Is there a reasonable way to combine all these individual SQL COUNT operations or to do this all faster or more correctly without all of the individual COUNT calls coming from PHP? Maybe a stored procedure... does that make sense? and if so how to approach (bunch of count queries or cursor or what)? and how to construct/return back rows of calculated counts data from a stored procedure?

I guess I'm wanting to know, is this the "right way"®?

I'm not asking for an answer to the whole question necessarily just answers to a part that you might be able to answer, or how you'd approach.

Also (#2) How might this stuff be cached?

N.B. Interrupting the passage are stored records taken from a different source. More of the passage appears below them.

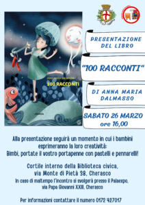 Le Biblioteche civiche di Cherasco e Roreto aderiscono al progetto: sabato 26 marzo 2022, alle ore 16, propongono per la “Settimana della promozione della lettura” la presentazione del libro “100 racconti di nonna Anna” a cura di Anna Maria Dalmasso. Sarà un momento per permettere di dar sfogo alla creatività dei bambini, che all’appuntamento dovranno andare muniti di colori, pastelli e pennarelli.
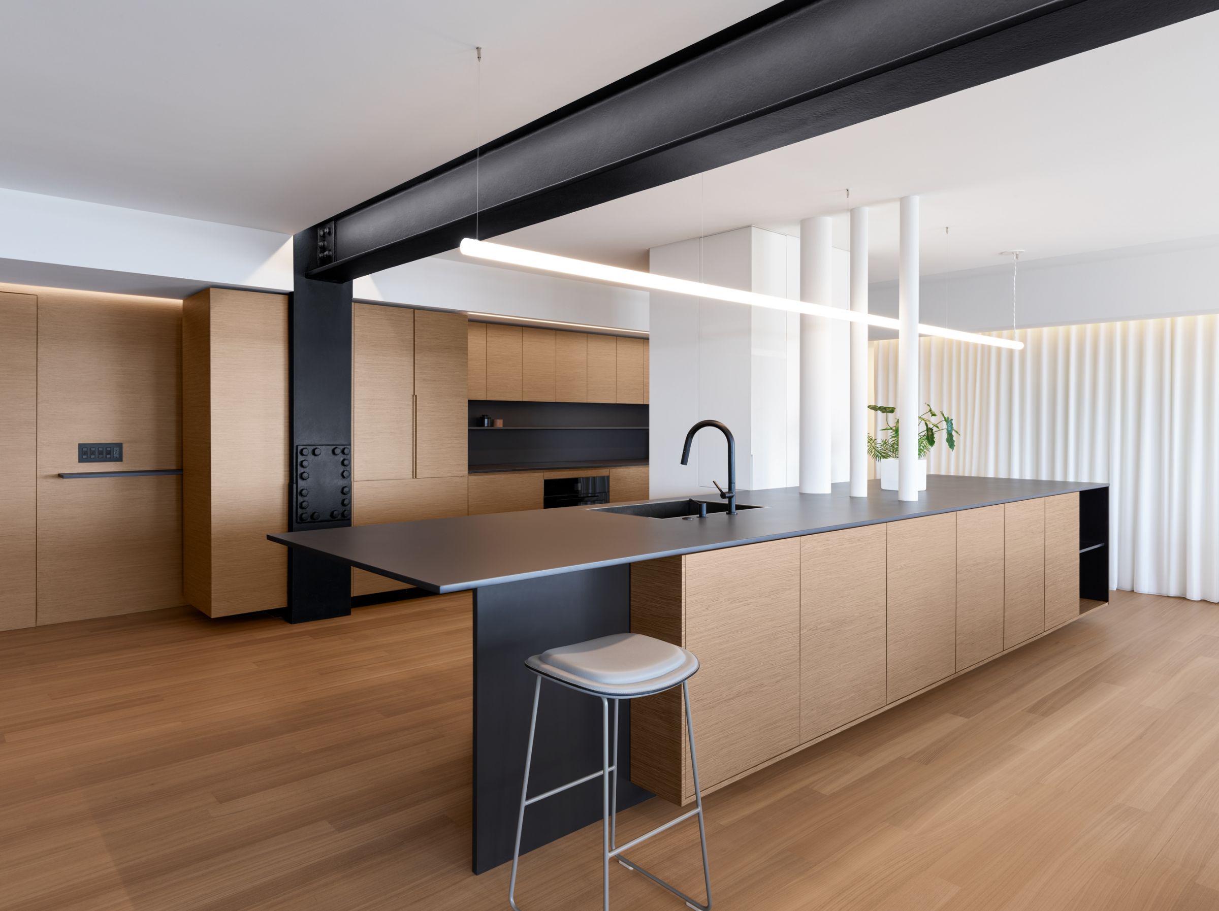 The selection of finishes and time period furniture pieces bring the unit harmoniously together, complementing the exposed heavy steel. This combination of elements attempts to create a link with the building’s identity of High Modernism, while adding a new perspective for our clients living inside this timeless masterpiece.
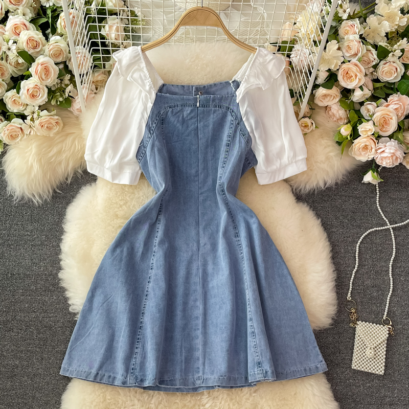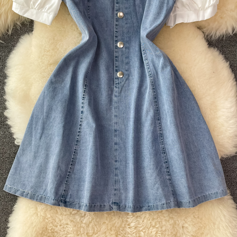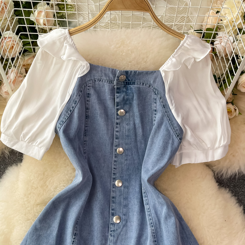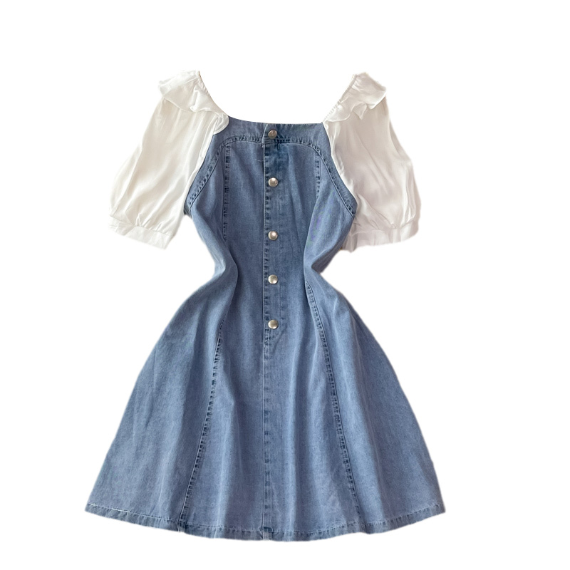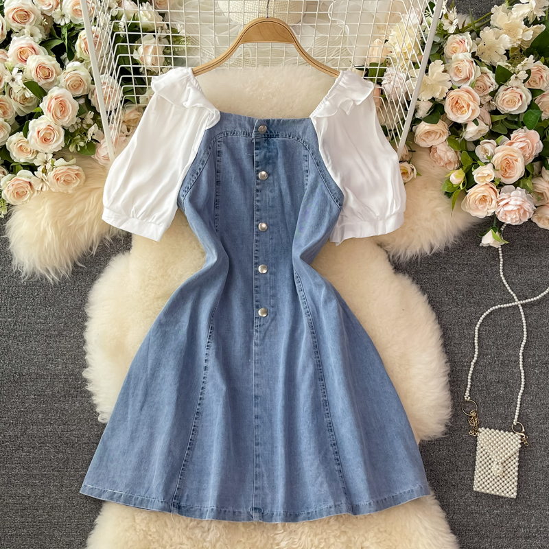 Cheap Dresses, Buy Quality Women’s Clothing Directly from China Suppliers:Square Collar Puff Sleeve Denim Dress for Women Summer New Small Waist Slimming Elegant A line Skirt Short Skirt
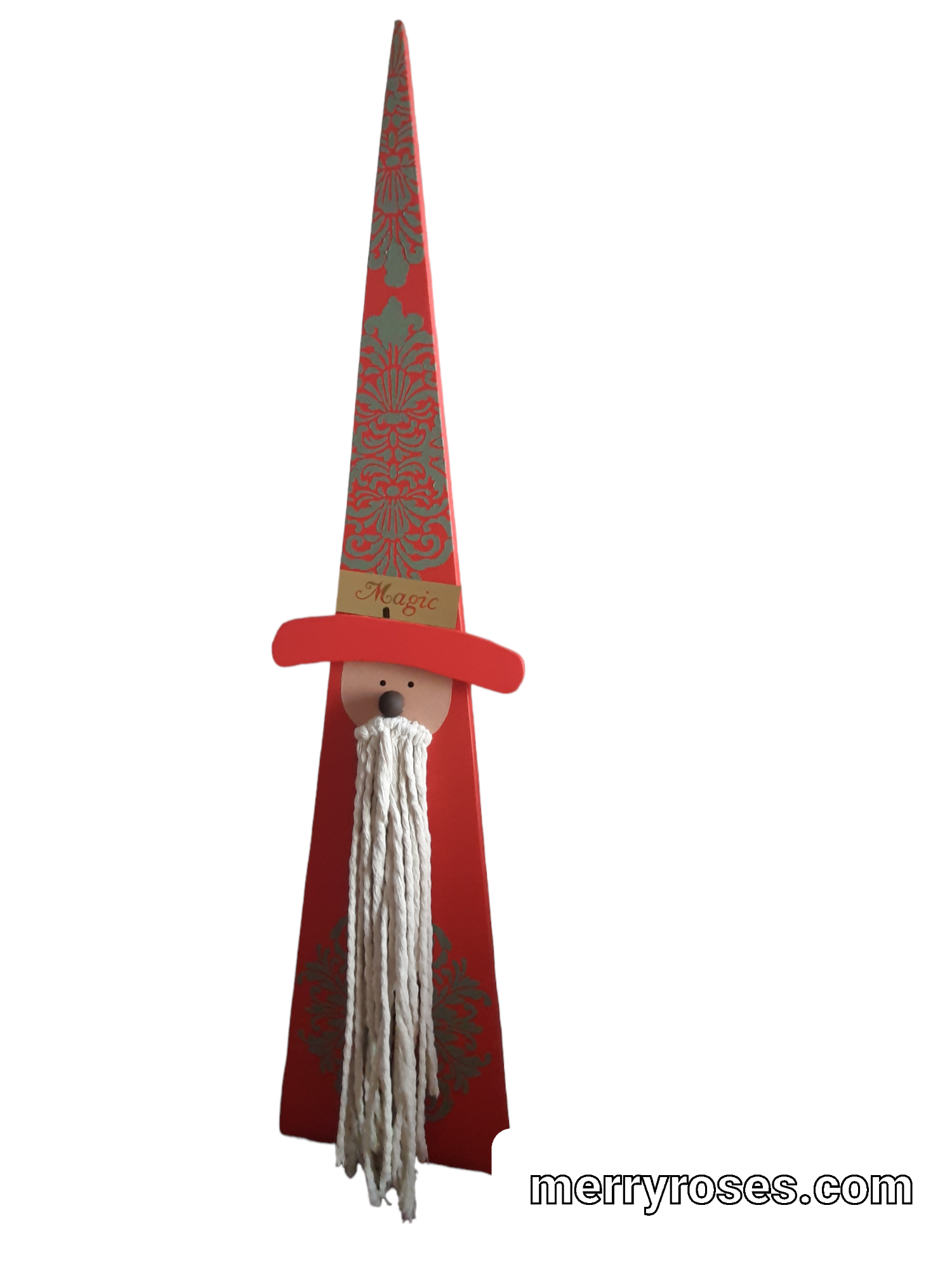 Χριστουγεννιάτικος κόκκινος νάνος με σχέδια και χρυσό plexi ευχή magic.
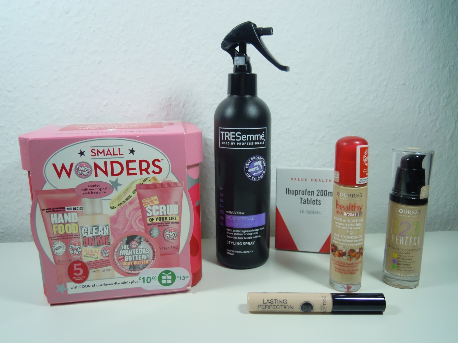 ☆ Small wonders von Soap&Glory; 10 Pfund☆ TRESemmé Hitzeschutz; 4,65 Pfund☆ Ibuprofen 200; 0,40 Pfund☆ Bourjois Healthy Mix Serum☆ Bourjois 1 2 3 Perfekt Foundation☆ Collection 2000 Concealer
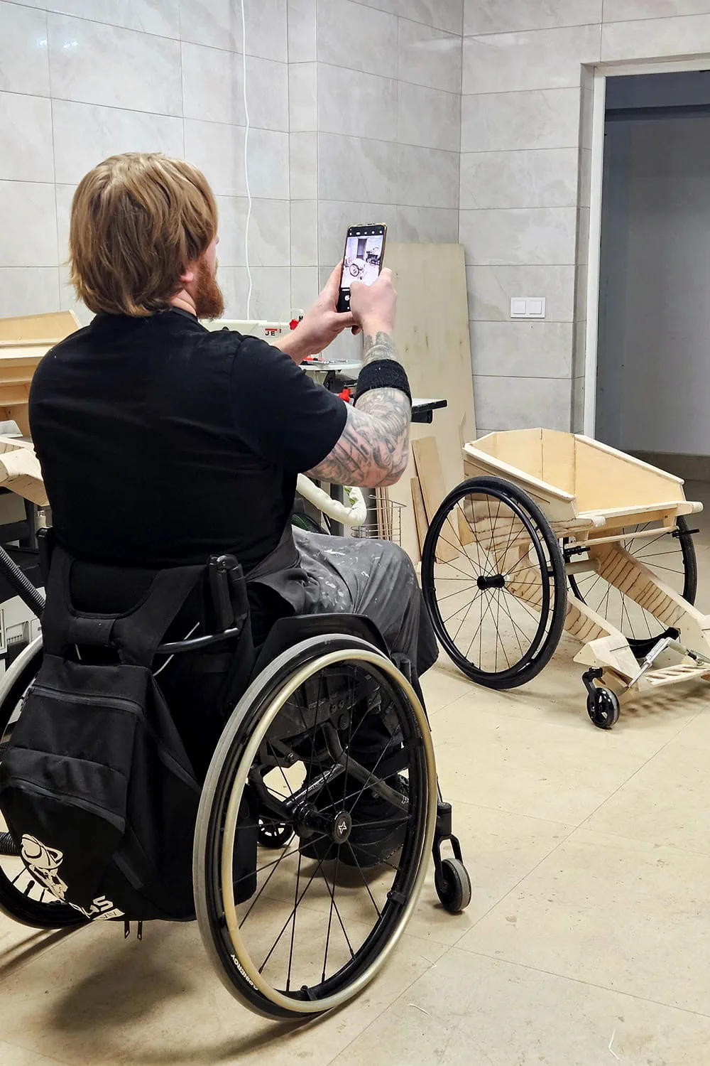 Trin for trin bliver der skabt skræddersyede kørestole af træpaneler og individuelle komponenter. Men målet med projektet er mere end bare et færdigt hjælpemiddel. Arbejdet i værkstedet skal også give deltagerne struktur i deres hverdag, ny motivation og et klart mål.
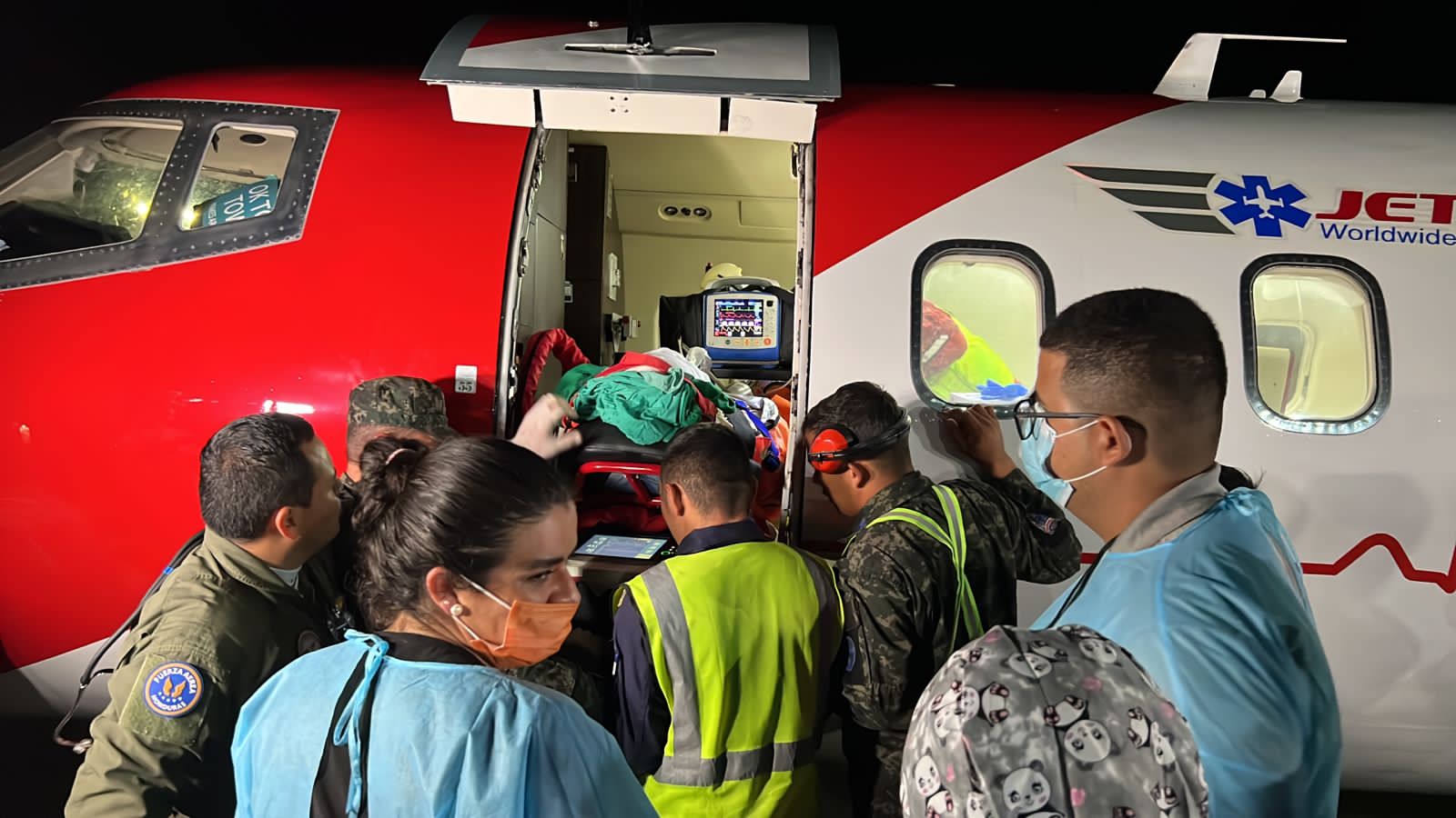 Todos ellos fueron trasladados en dos aviones ambulancias que aterrizaron en horas tempranas a la Base Aérea Hernán Acosta Mejía, en Tegucigalpa, en la capital de Honduras.
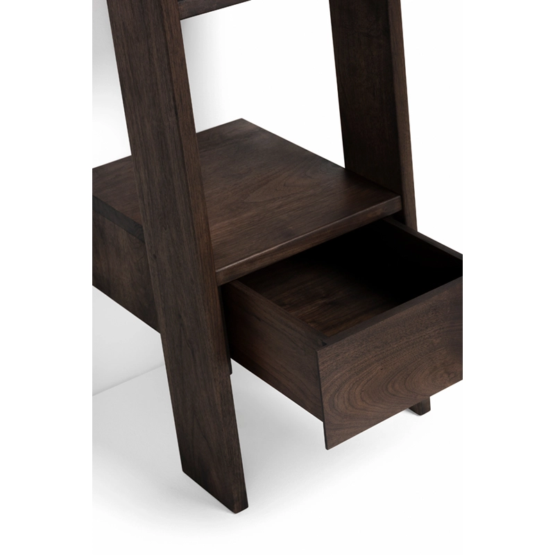 The Ladder ladder bookcase from De La Esapada offers generous storage space with a relatively small footprint. Steps of varying depths meet the wall when placed at an angle. This room is highly functional and suitable for a variety of environments.
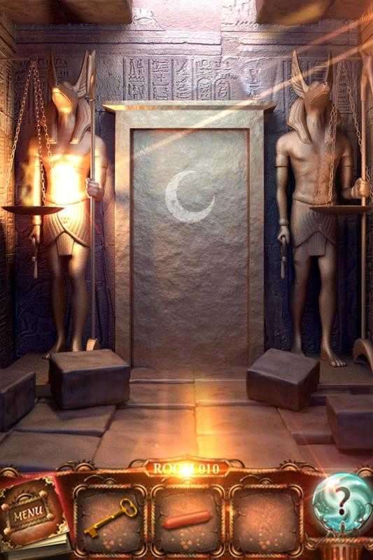 19.第十九关,选择右边架子上的一个卷轴,左边下面选的一个道具,最后在右边门把手下面的一个道具,两个键一起按下,大门打开,开始第二十关。
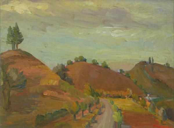 Il paesaggio è dominato dai toni marroni delle tre colline rappresentate. Sopra di esse alcuni alberi e cespugli. Una strada grigia in primo piano è fiancheggiata da campi delinaeti da elementii vegetali. Il cielo occupa la metà superiore dell'opera reso con ampie pennellate nei toni del grigio e dell'azzurro con sfumature di bianco che evidenziano la presenza delle nuvole.
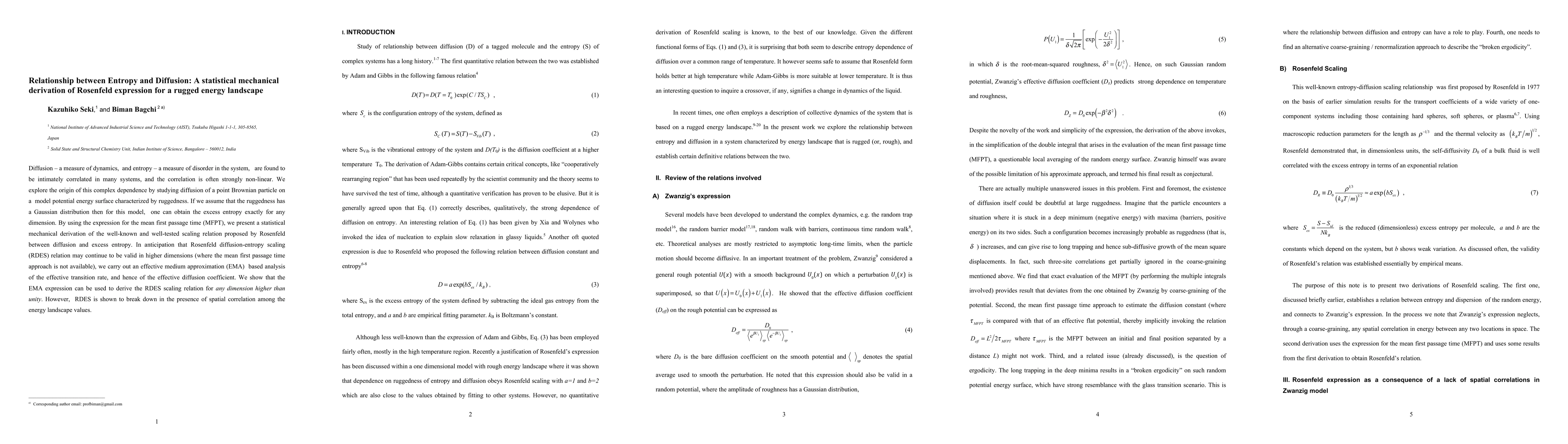 This research derives Rosenfeld's diffusion-entropy scaling relation using a statistical mechanical approach for a rugged energy landscape model with Gaussian distributed ruggedness. The study extends this relation to higher dimensions via an effective medium approximation, but notes its breakdown with spatial correlation in the energy landscape values.

Cached by bringing all the COUNT values to PHP and then writing out those values from PHP to a mysql table with a row for each user and each date range, or cached somewhere/somehow else?

Answer 1

Grouping comes to mind.

SELECT userid, event_type, COUNT(id) AS cnt
FROM events
WHERE `event_date` BETWEEN '2013-01-01' AND '2013-02-15'
GROUP BY userid, event_type
ORDER BY userid, event_type

This would return an array where each row roughly has the structure of:

array(
    userid=>10,
    event_type=>'Installs',
    cnt=>5
);

And you can iterate over that to build your table.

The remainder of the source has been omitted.